##### EXTRACTED DATA #####

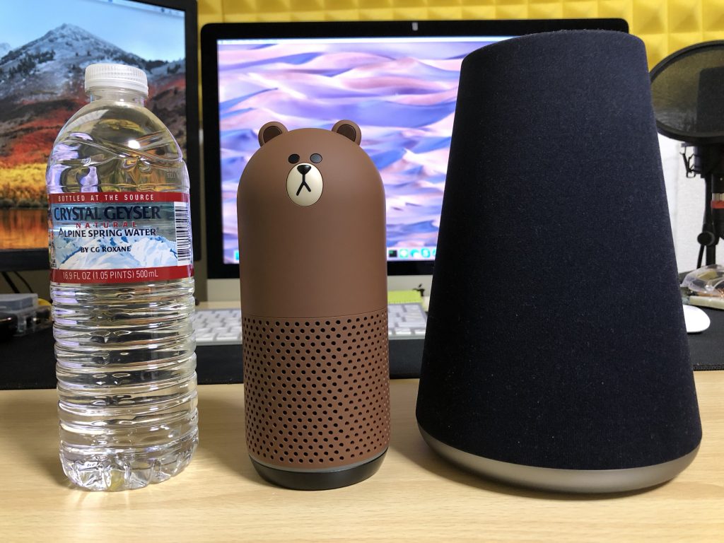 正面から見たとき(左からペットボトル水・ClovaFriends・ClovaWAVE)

#####
##### EXTRACTED DATA #####

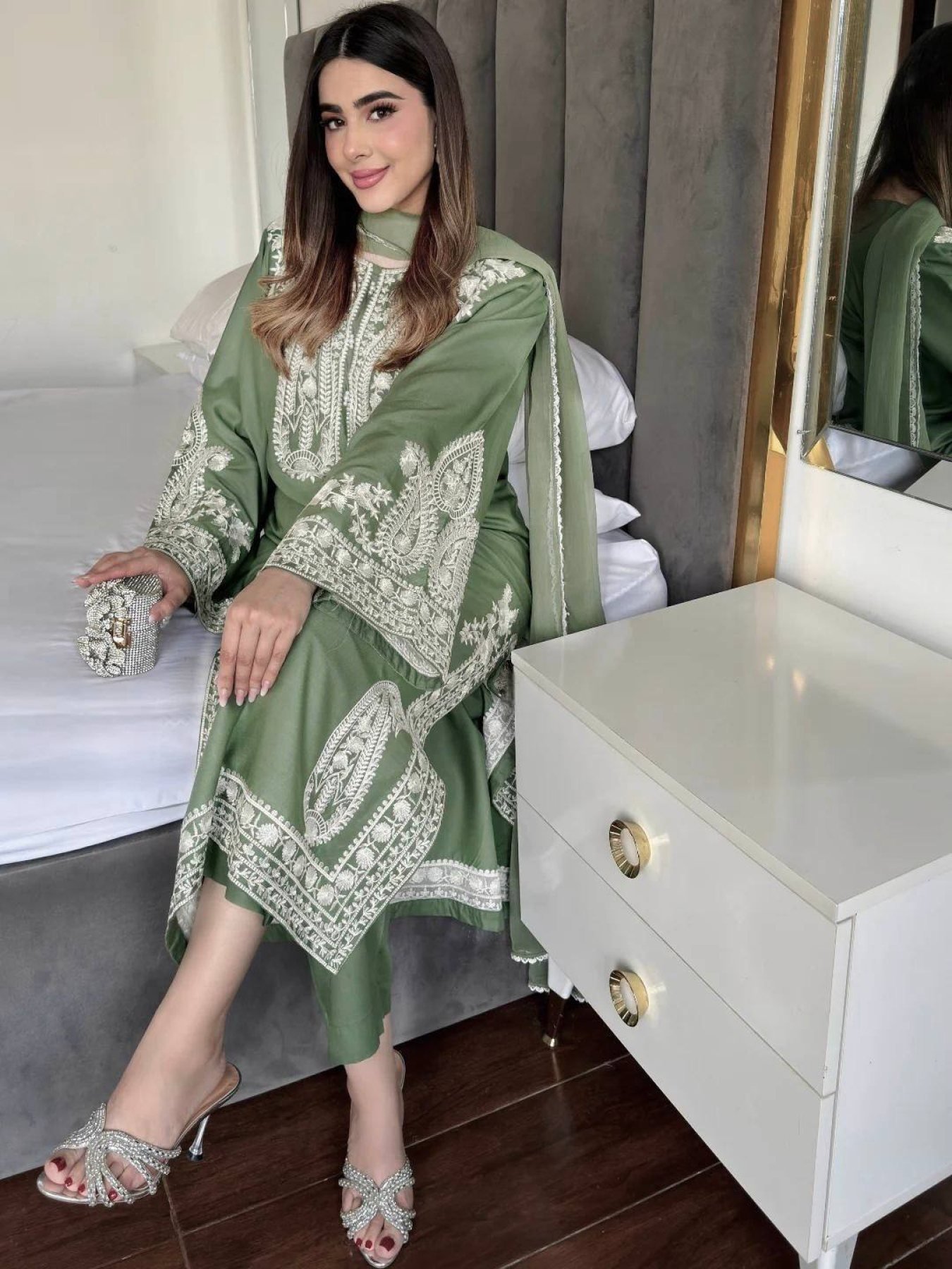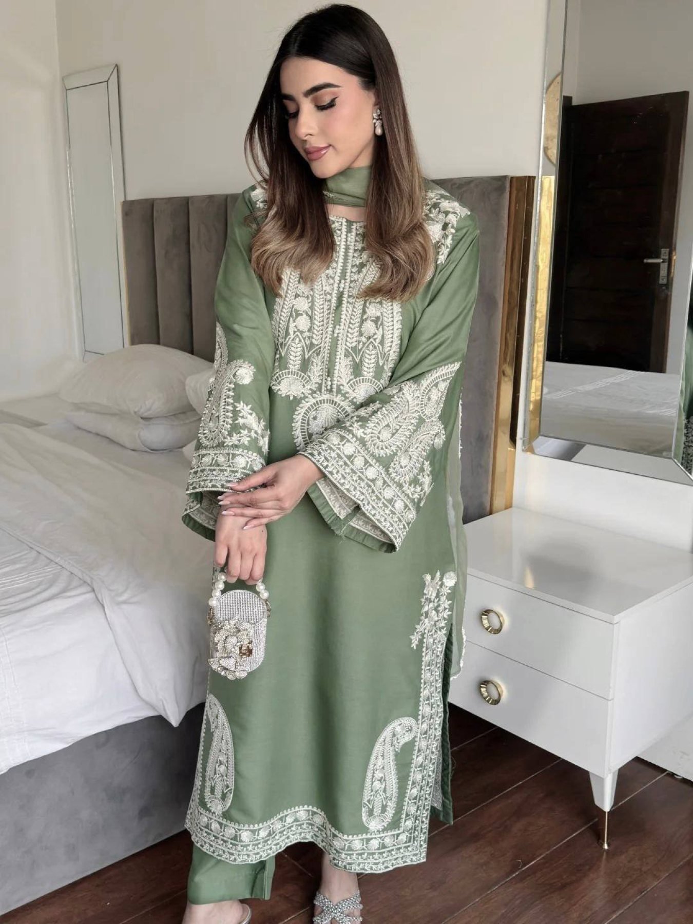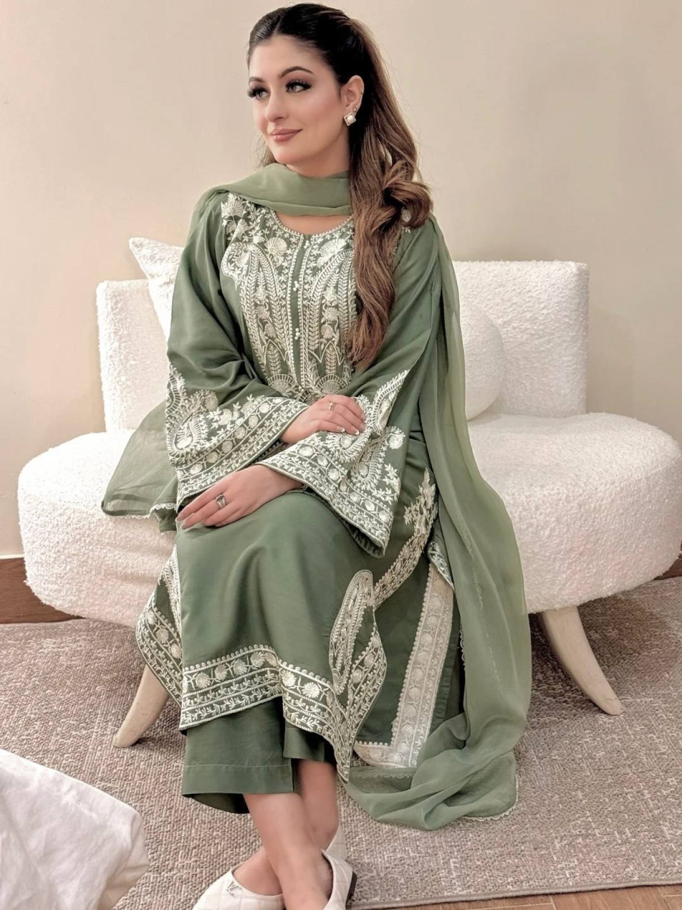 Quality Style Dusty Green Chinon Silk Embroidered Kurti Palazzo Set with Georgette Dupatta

#####
##### EXTRACTED DATA #####

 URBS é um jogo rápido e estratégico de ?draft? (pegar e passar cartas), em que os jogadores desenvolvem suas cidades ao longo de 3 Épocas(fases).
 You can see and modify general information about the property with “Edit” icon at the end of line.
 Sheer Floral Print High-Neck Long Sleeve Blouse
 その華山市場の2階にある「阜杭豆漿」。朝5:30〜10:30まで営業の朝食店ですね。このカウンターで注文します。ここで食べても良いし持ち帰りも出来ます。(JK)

#####

- AIM OF THE TASK
In the records above, the line with "Sheer Floral Print" marks the start and the line with "その華山市場の2階にある「阜" marks the end; copy that stretch exactly, both lines included, and nothing else.

- ANSWER FOR THIS EXERCISE
 Sheer Floral Print High-Neck Long Sleeve Blouse
 その華山市場の2階にある「阜杭豆漿」。朝5:30〜10:30まで営業の朝食店ですね。このカウンターで注文します。ここで食べても良いし持ち帰りも出来ます。(JK)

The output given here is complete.